The Board of Directors is to be made up of 11 members - from Government, workers’ organizations, employers, accredited health providers, community insurance scheme, the Private health insurance scheme and the Chairperson. They will be responsible for overall governance, direction, development and growth of NHIS.
ii. Health care package:
The package has inclusions and exclusions, the relationship of which will change as the scheme matures with more reserves and better control of moral hazard. Initially the inclusions will be all outpatient services, most inpatient services, drugs (generic rather than brands), maternal deliveries and neonatal care, preventive services, referrals and moderate surgeries and early cancers. Exclusions are plastic surgery for beauty and not reconstruction; dentures, eye glasses, accidents following high risk sports like motor rallying, organ transplant etc.

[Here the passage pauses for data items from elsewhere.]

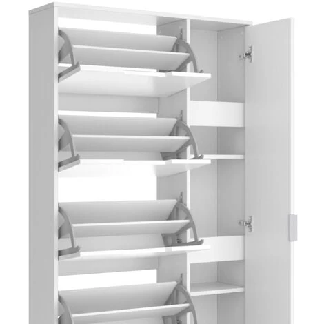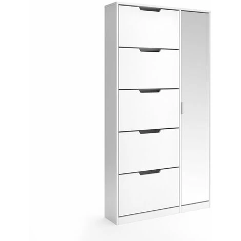 Auf kleinstem Raum können Sie mit unserem Schuhschrank Luca ein Maximum an Schuhen aufbewahren was ihn für sehr kleine und schmale Flure bestens eignet. Die praktischen Klappen sind mit einem intuitiven Schließmechanismus ausgestattet. Der integrierte Spiegelschrank bietet Ihnen die Möglichkeit, ihr Gesamtoutfit zu bestaunen und hinter seiner Tür den weiteren Stauraum zu nutzen.
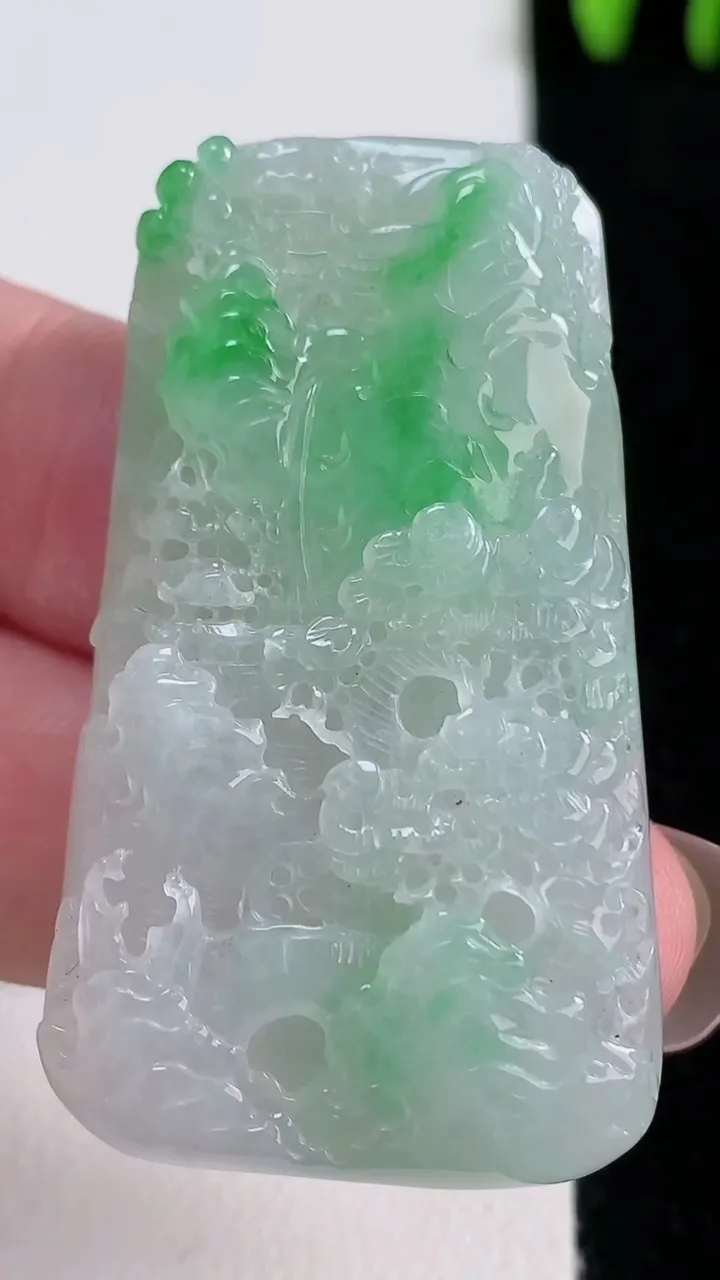 天然A货翡翠山水牌吊坠,尺寸46.8-27.5-7.6,重量:21.88g 11月14日
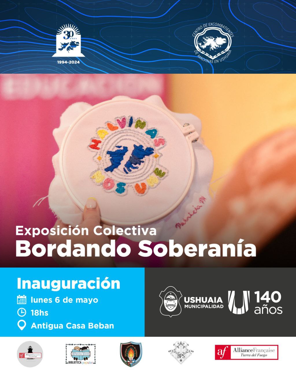 La Secretaría de Cultura y Educación de la Municipalidad de Ushuaia, en articulación con la Secretaría de Asuntos Malvinas, llevará adelante la exposición colectiva “Bordando Soberanía” que contará con su inauguración el día 6 de mayo a las 18:00 horas en la Antigua Casa Beban, pudiendo ser visitada hasta el 16 del mismo mes entre las 10:00 y 18:00 horas de lunes a viernes.
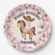 Bela vaquinha sela pratos de festas personalizadas. Cowgirl cavalgando um cavalo bebê fofo e flores rosa. Cores de fazenda castanho e amarelo-rosa.
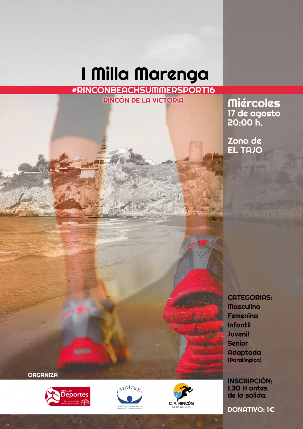17 AGOSTO: Carrera popular "I Milla Marenga". Salida a las 20:00 h. desde la Playa del Tajo (Rincón de la Victoria)

Health service will be provided by accredited providers (public, private and PNFPs), selected on the basis of quality, nature of service, clinic or hospital and showing compliance with the agreed rates per medical condition and intervention. The selection of theses providers will be jointly done by the policy holder, the employer and the Insurance. Identification of the policy holders and their beneficiaries at the time of accessing the service at the clinic or hospital will be done by special identity cards and later on electronic SMART cards, to be utilized in all parts of the country where the policy holder happens to be at the time of the illness episode.
iii .Financing and financial management:
Actuarial analysis recommended the formal public employee to contribute 4% of the salary on which the employer adds 4% to make it 8% per month. The risk is pooled together irrespective of the pre-recruitment health status; and the fact that not everyone falls sick at the same time, this fund will be able to provide health care to 4 other members of the family of the policy holder. The formal private sector will be persuaded to join but those who prefer the Private Insurance will be free to do so. With time, the informal sector, after developing some reliable and predictable fund management structure and books of accounts, will be recruited to increase the volumes of subscribers who will then share and support each other for the health risks.
Conclusion:
Out-of-pocket payment for health services is catastrophic to the individuals and families in asset and financial loss, and is responsible for high morbidity and mortality. This is borne out by stories of transactions at the critical moment of illness which resulted in grisly complications and untimely death especially due to cancers. A robust and transparent health insurance scheme with water tight controls will improve health financing, provide more efficacious and accessible health care and ensure financial stability for households.